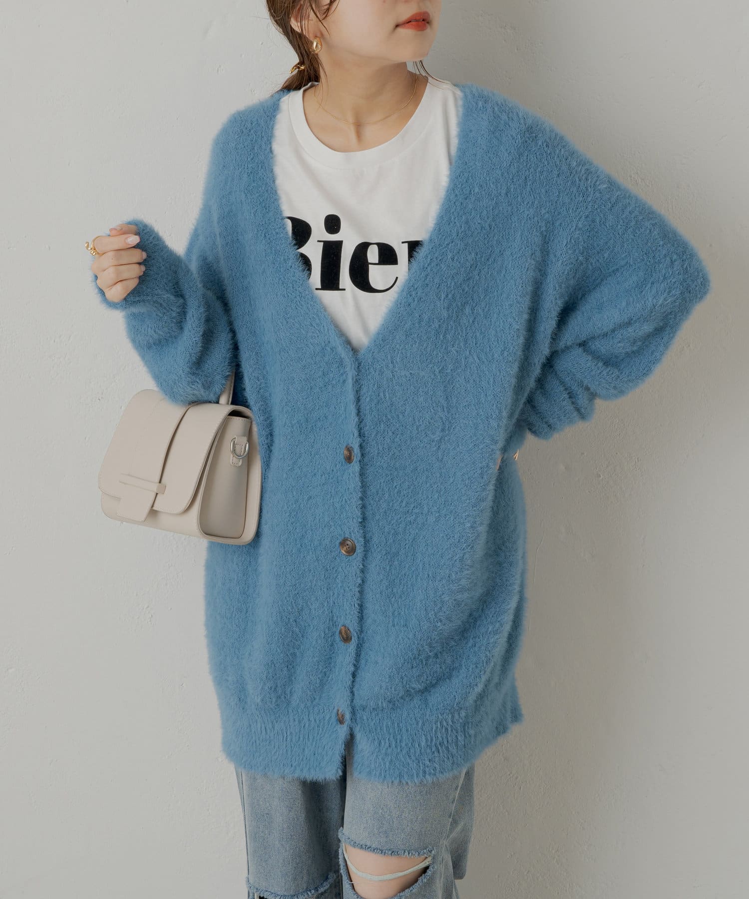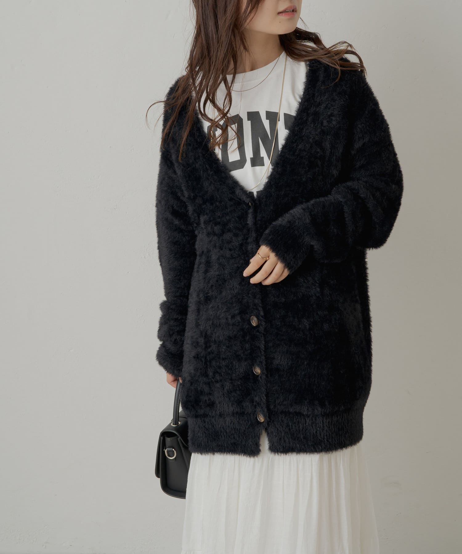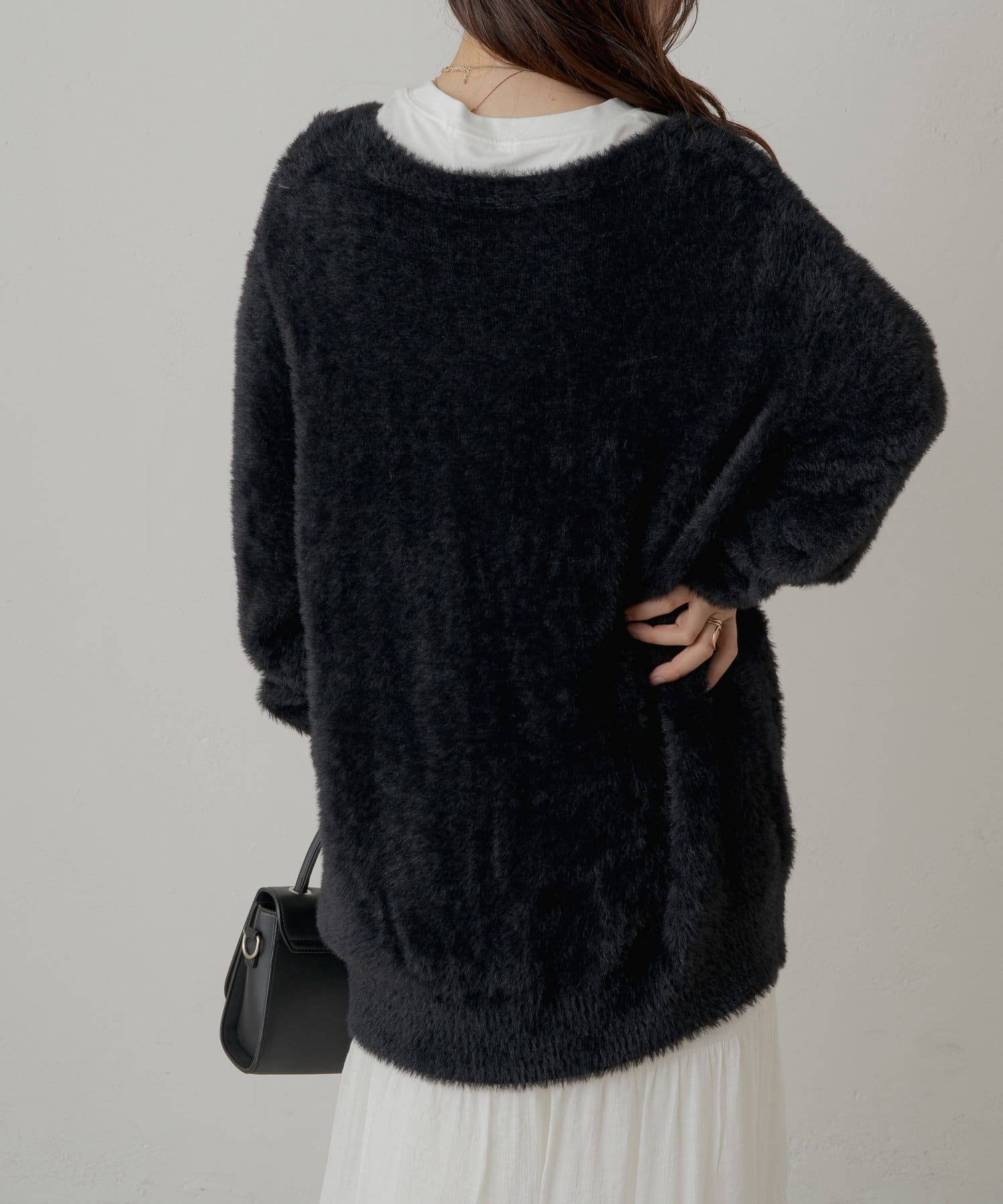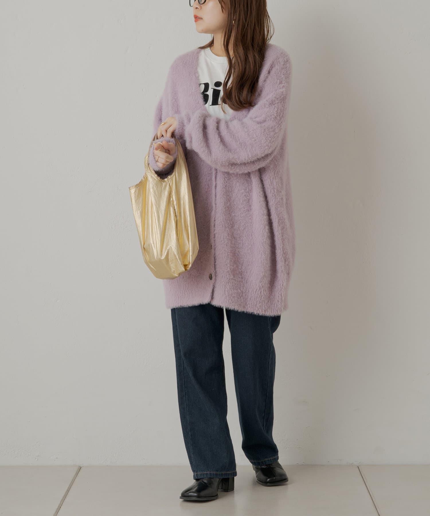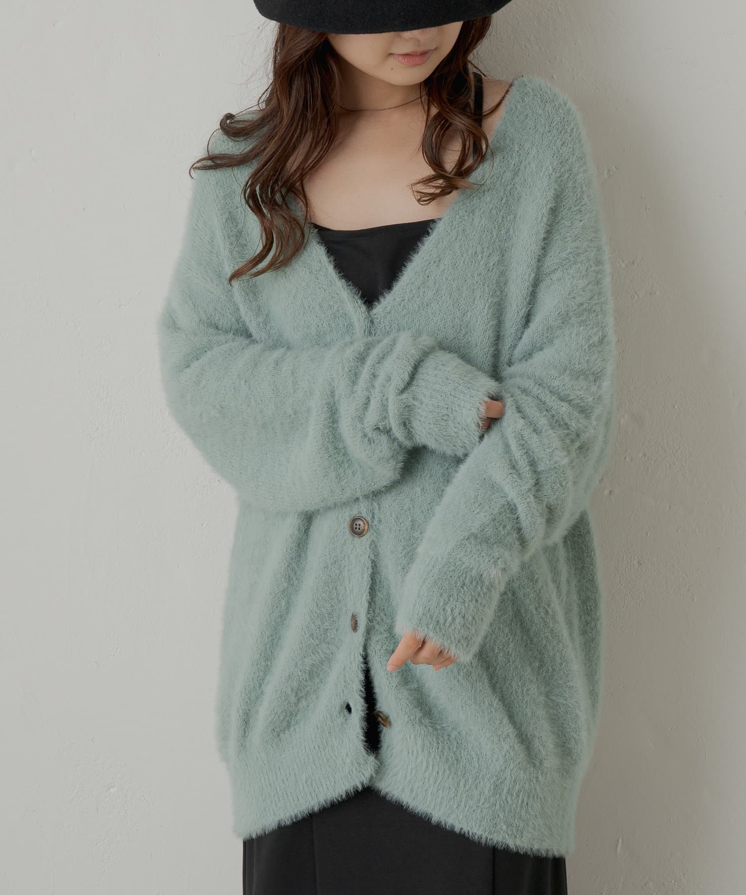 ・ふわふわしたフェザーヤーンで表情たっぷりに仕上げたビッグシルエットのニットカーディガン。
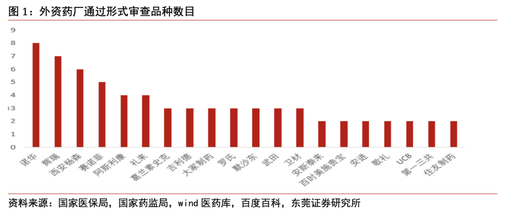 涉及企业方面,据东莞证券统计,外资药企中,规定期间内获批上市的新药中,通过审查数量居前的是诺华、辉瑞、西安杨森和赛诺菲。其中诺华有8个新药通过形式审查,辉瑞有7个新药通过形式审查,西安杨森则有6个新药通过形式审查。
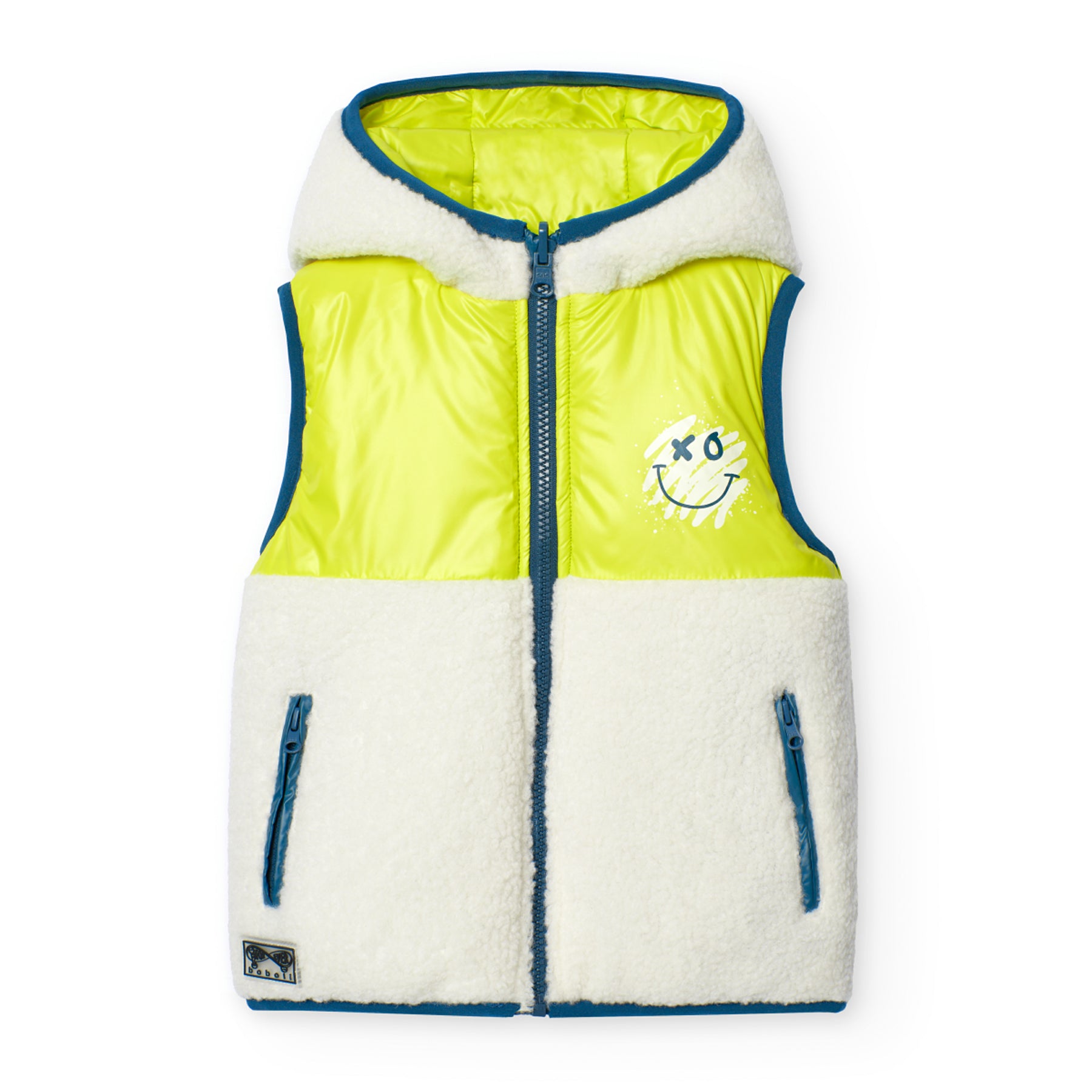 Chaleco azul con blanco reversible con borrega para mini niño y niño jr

--------------------

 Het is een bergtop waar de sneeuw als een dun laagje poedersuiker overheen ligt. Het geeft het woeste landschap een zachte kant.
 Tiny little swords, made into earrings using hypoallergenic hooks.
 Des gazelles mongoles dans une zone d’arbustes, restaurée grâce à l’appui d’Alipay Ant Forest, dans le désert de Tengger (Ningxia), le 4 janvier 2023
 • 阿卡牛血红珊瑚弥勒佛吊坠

--------------------

The reply should hold the entries above from the line with "涉及企业方面,据东莞证券统计" to the line with "Chaleco azul con", duplicated exactly, pictures excluded.

ANSWER:
 涉及企业方面,据东莞证券统计,外资药企中,规定期间内获批上市的新药中,通过审查数量居前的是诺华、辉瑞、西安杨森和赛诺菲。其中诺华有8个新药通过形式审查,辉瑞有7个新药通过形式审查,西安杨森则有6个新药通过形式审查。
 Chaleco azul con blanco reversible con borrega para mini niño y niño jr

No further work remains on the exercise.